◆ **Material for this task**:
◆ ◆ ◆
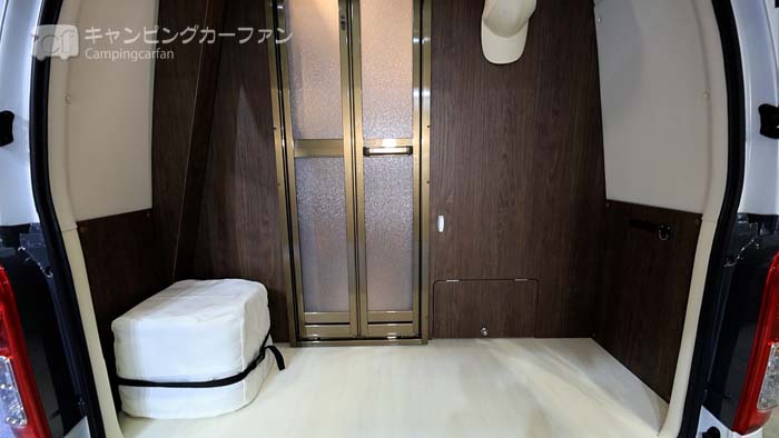 最後部の多目的ルームはドアで仕切られており、完全な個室として使え、ポータブルトイレも標準装備している。
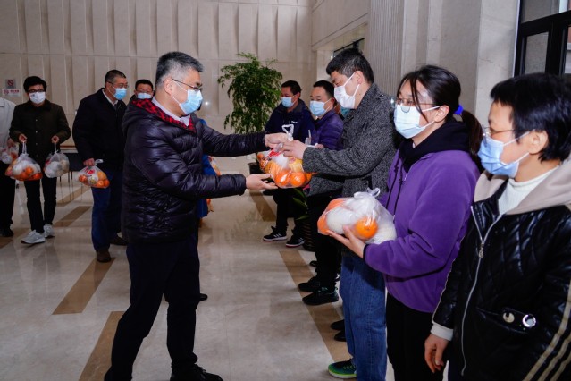 党委书记鲁雄刚、校长龚思怡等校领导还分别走访慰问了各二级学院的在校教职工。鲁雄刚充分肯定了各二级党组织在校园准封闭期间发挥的战斗堡垒作用,特别感谢了大家在二级学院教学和学生管理工作上进行的周密有序的组织和细致认真的部署。龚思怡强调各二级学院在特殊时期要密切关注教职工和学生的思想动态,认真落实准封闭管理期间疫情防控的各项工作要求。
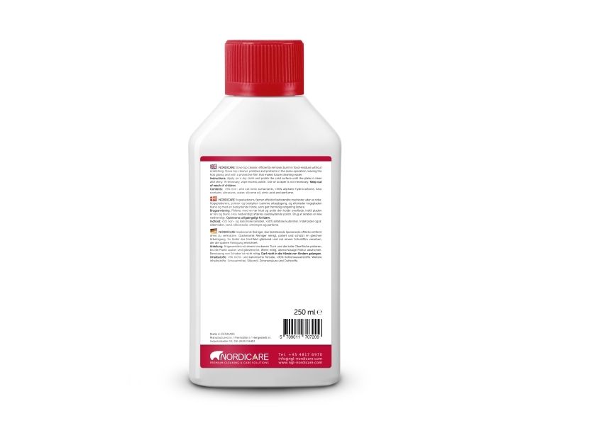 STOVE TOP CLEANER, efficiently removes burnt in food residues without scratching. Stove Top Cleaner, polishes and protects in the same operation, leaving the hob glossy and with a protective film that makes future cleaning easier.
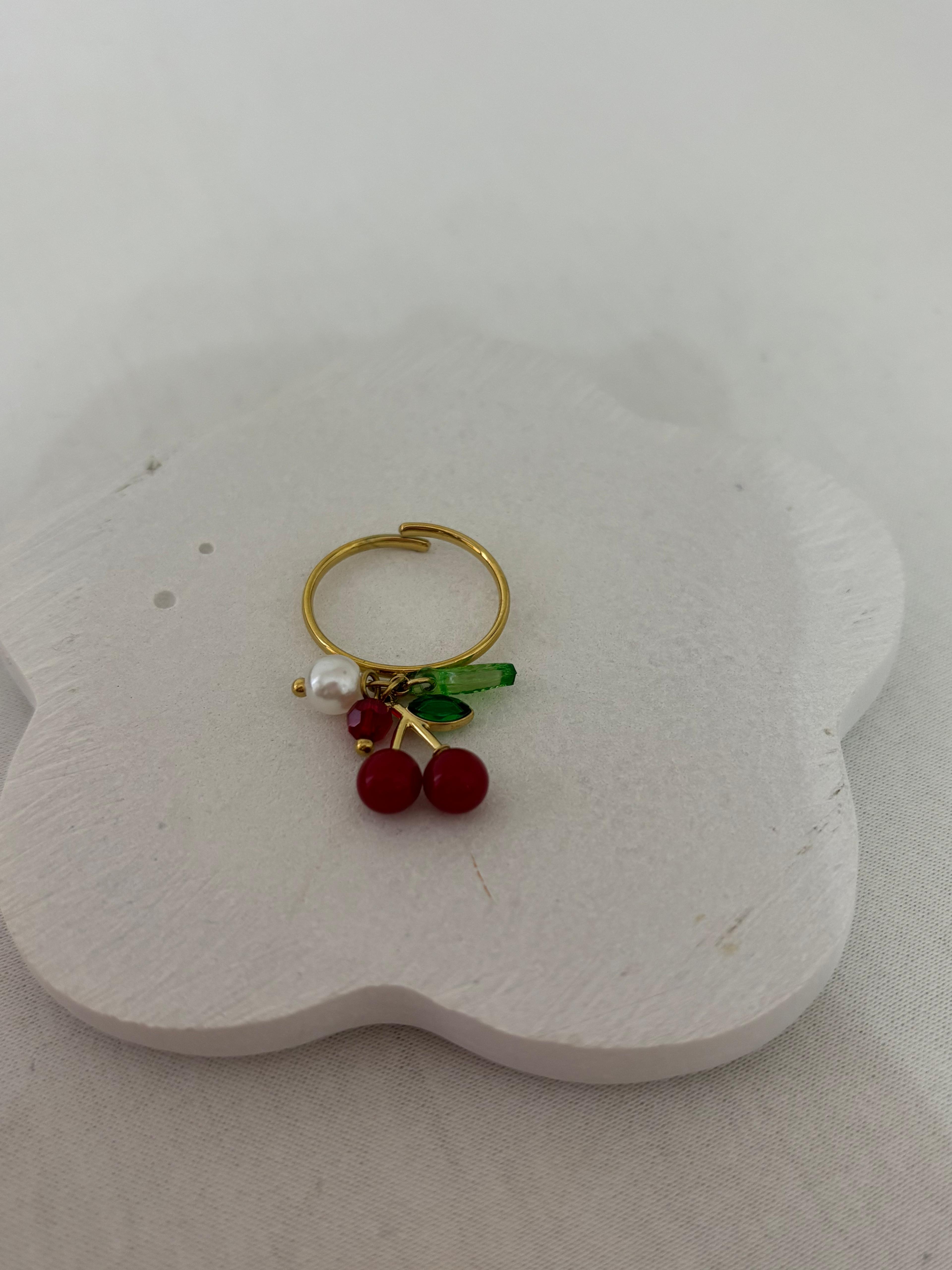 Un anello sottile e regolabile in acciaio dorato, decorato con charms giocosi: ciliegie smaltate, foglioline verdi, cristalli e una perla sintetica. Perfetto per aggiungere un tocco di dolcezza e colore al tuo outfit quotidiano.
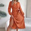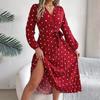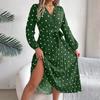 Женское модное элегантное плиссированное длинное платье в горошек с крестом и V-образным вырезом с длинными рукавами и галстуком
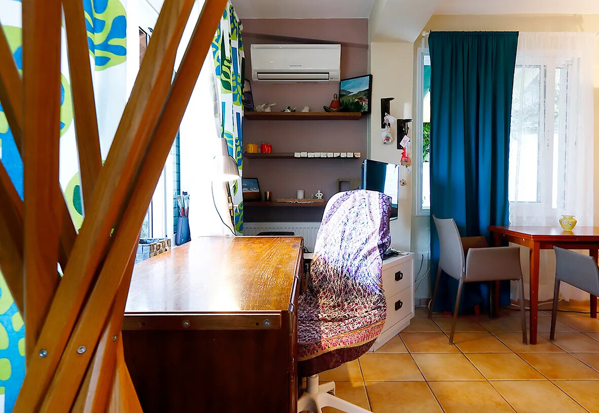 The house offers autonomous heating with an oil boiler, Europa aluminum frames with double glazing and screens, three-phase electricity, and night-time lighting. Additionally, it boasts a garden of approximately 45 sq.m.
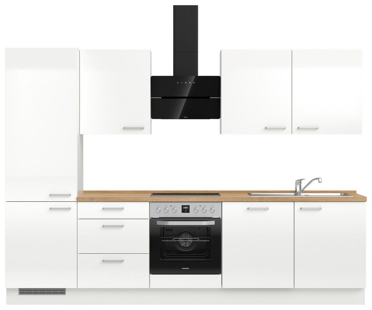 Nobilia KÜCHENBLOCK 300 cm in Eichefarben, Weiß Hochglanz
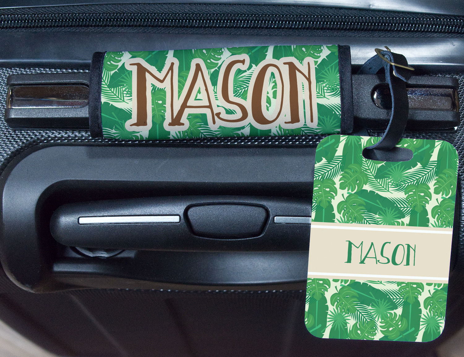The main design has a cream background with bright green tropical leaves faces every which way. Through the middle of the design sits a cream ribbon, with your personalization on the ribbon itself. Several different kinds of tropical leaves are featured in this fun design.
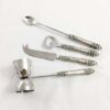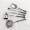 Our Bar Tool set is available as set of 4 pieces. It is made from Stainless steel (14/4 grade) and Aluminium. It has Aluminium sand cast handles with Antique gold plating & enamel inlay. This set includes 4 different pieces:
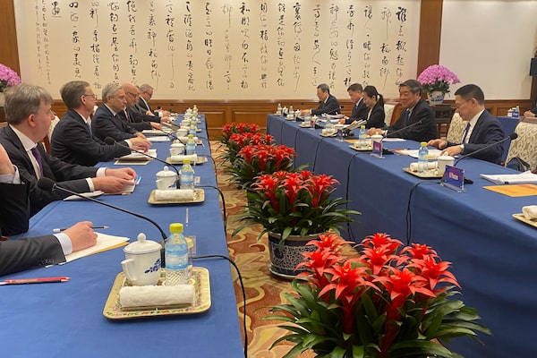 Mr. Champagne and members of the Canadian delegation, including Bank of Canada Governor Tiff Macklem, meet with Chinese officials at the Diaoyutai State Guesthouse on Friday.Bill Curry/The Globe and Mail
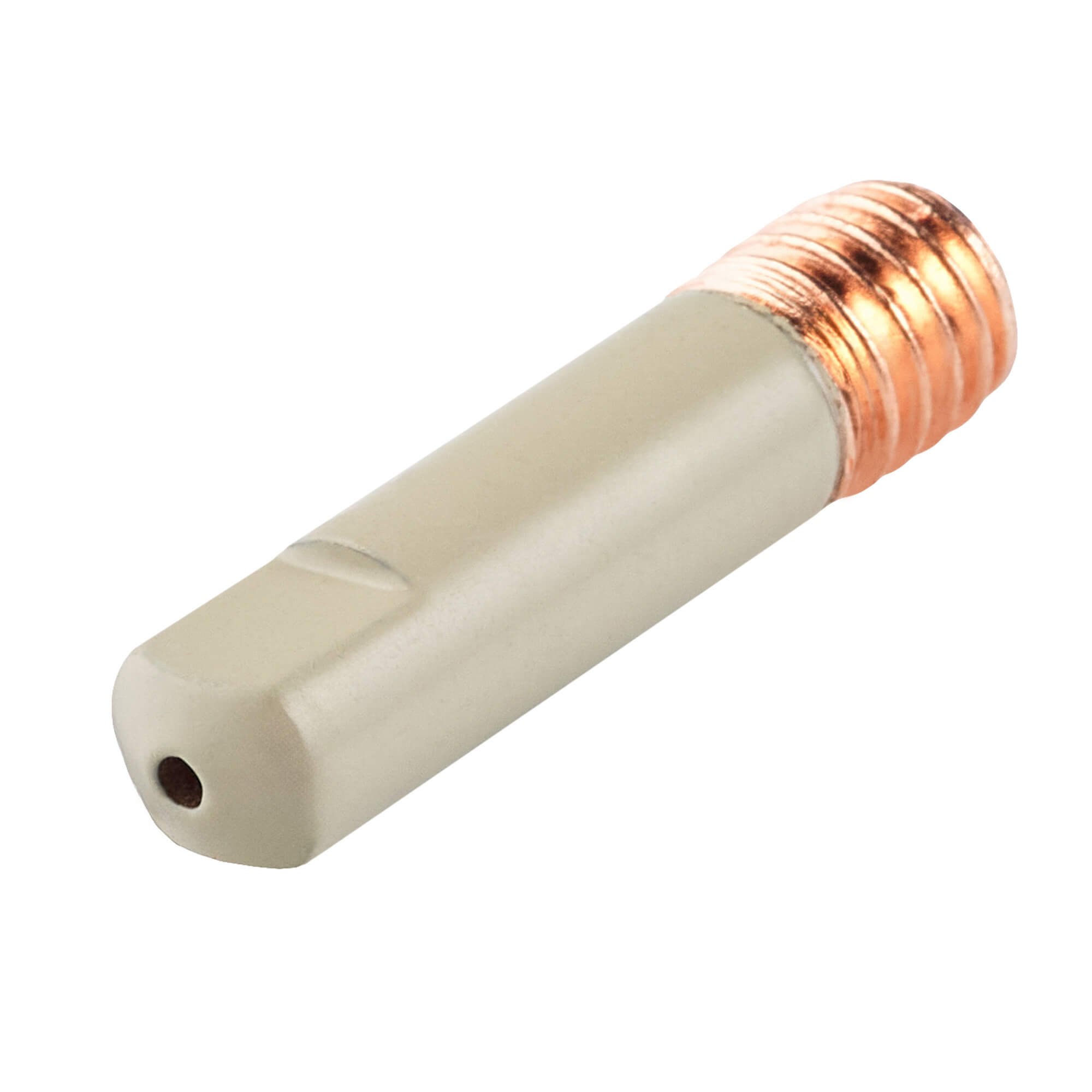 Прямой сварочный наконечник M6 с керамическим покрытием для полуавтоматических горелок MIG MP 15 и МАСТЕР MIG MP 15. Используется для проволоки диаметром 1,0 мм.Наконечник изготовлен из меди (E-CU), сверху нанесён керамический слой, который работает как электрический и термический изолятор поверхности.Керамическое покрытие наносится специальным технологическим процессом, образуется гомогенный ровный слой, рассчитанный на промышленную эксплуатацию такого газораспределительного сопла. Керамический слой состоит из броннитрида (бор нитрид, BN).Отличительная особенность прямого наконечника CRM6510-10 – это керамическое покрытие:Керамическое покрытие создаёт термобарьер, так как керамика выдерживает очень высокие температуры, не расплавляется и не деформируется.Покрытие препятствует прилипанию сварочных брызг за счёт очень гладкой поверхности. Брызги либо отскакивают, либо слабо держатся и легко счищаются.Из-за отсутствия налипших брызг металла формируется более стабильный газовый поток и дуга. Увеличивается продолжительность работ без остановки и последующей очистки комплектующих.Керамический слой заметно увеличивает ресурс наконечника. Использование комплектующих с керамическим покрытием снижает затраты на обслуживание и расходные материалы.Область применения наконечников с керамическим покрытием:Узкощелевое сваривание труб, толстых стенок. Орбитальная сварка, где сопло или наконечник может задеть стенку свариваемого изделия. В таком случае керамическое покрытие выступает в роли диэлектрика, защищает от коротких замыканий, снижает риск «поджигания» дуги по боковой стенке и медных включений в металл шва.Сварка порошковой проволокой, где нужно увеличить токи и скорость без потери качества корня.Автоматизированные линии и роботизация, где критичны длительные остановки рабочего процесса и присутствует минимальное обслуживание сварочных горелок.
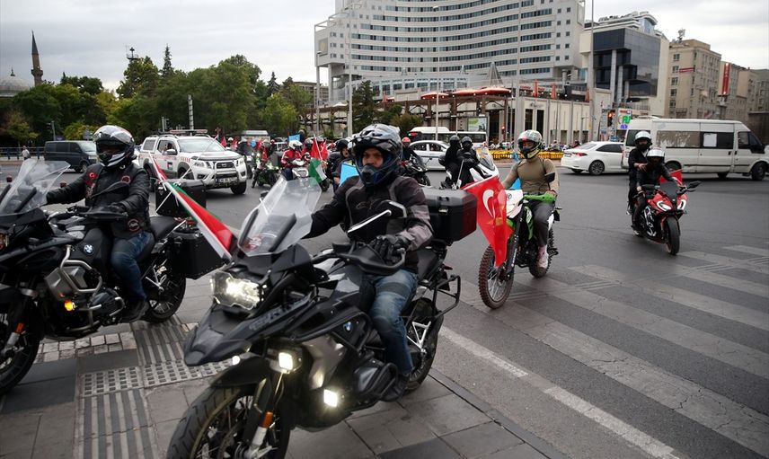 Kayseri'de, Alfa Kayseri Motosiklet Kulübü öncülüğünde toplanan yaklaşık 200 motosikletli, Gazze'deki saldırıları protesto etmek amacıyla sokaklarda tur attı. İnsani bir mesaj vermek için düzenlenen etkinlikte, motosikletçiler Talas Paraşüt Alanı'ndan başlayarak Cumhuriyet Meydanı'na kadar sürdü.
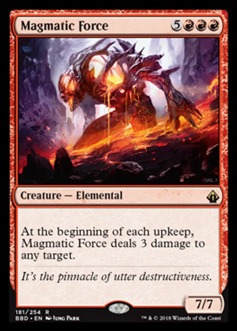 | Oracle Text | At the beginning of each upkeep, Magmatic Force deals 3 damage to any target. | ||
◆ ◆ ◆
Look above for the line with "党委书记鲁雄刚、校长龚思怡等" and the line with "Mr. Champagne and", then restate exactly those two lines and all lines between them, with no pictures.

 党委书记鲁雄刚、校长龚思怡等校领导还分别走访慰问了各二级学院的在校教职工。鲁雄刚充分肯定了各二级党组织在校园准封闭期间发挥的战斗堡垒作用,特别感谢了大家在二级学院教学和学生管理工作上进行的周密有序的组织和细致认真的部署。龚思怡强调各二级学院在特殊时期要密切关注教职工和学生的思想动态,认真落实准封闭管理期间疫情防控的各项工作要求。
 STOVE TOP CLEANER, efficiently removes burnt in food residues without scratching. Stove Top Cleaner, polishes and protects in the same operation, leaving the hob glossy and with a protective film that makes future cleaning easier.
 Un anello sottile e regolabile in acciaio dorato, decorato con charms giocosi: ciliegie smaltate, foglioline verdi, cristalli e una perla sintetica. Perfetto per aggiungere un tocco di dolcezza e colore al tuo outfit quotidiano.
 Женское модное элегантное плиссированное длинное платье в горошек с крестом и V-образным вырезом с длинными рукавами и галстуком
 The house offers autonomous heating with an oil boiler, Europa aluminum frames with double glazing and screens, three-phase electricity, and night-time lighting. Additionally, it boasts a garden of approximately 45 sq.m.
 Nobilia KÜCHENBLOCK 300 cm in Eichefarben, Weiß Hochglanz
The main design has a cream background with bright green tropical leaves faces every which way. Through the middle of the design sits a cream ribbon, with your personalization on the ribbon itself. Several different kinds of tropical leaves are featured in this fun design.
 Our Bar Tool set is available as set of 4 pieces. It is made from Stainless steel (14/4 grade) and Aluminium. It has Aluminium sand cast handles with Antique gold plating & enamel inlay. This set includes 4 different pieces:
 Mr. Champagne and members of the Canadian delegation, including Bank of Canada Governor Tiff Macklem, meet with Chinese officials at the Diaoyutai State Guesthouse on Friday.Bill Curry/The Globe and Mail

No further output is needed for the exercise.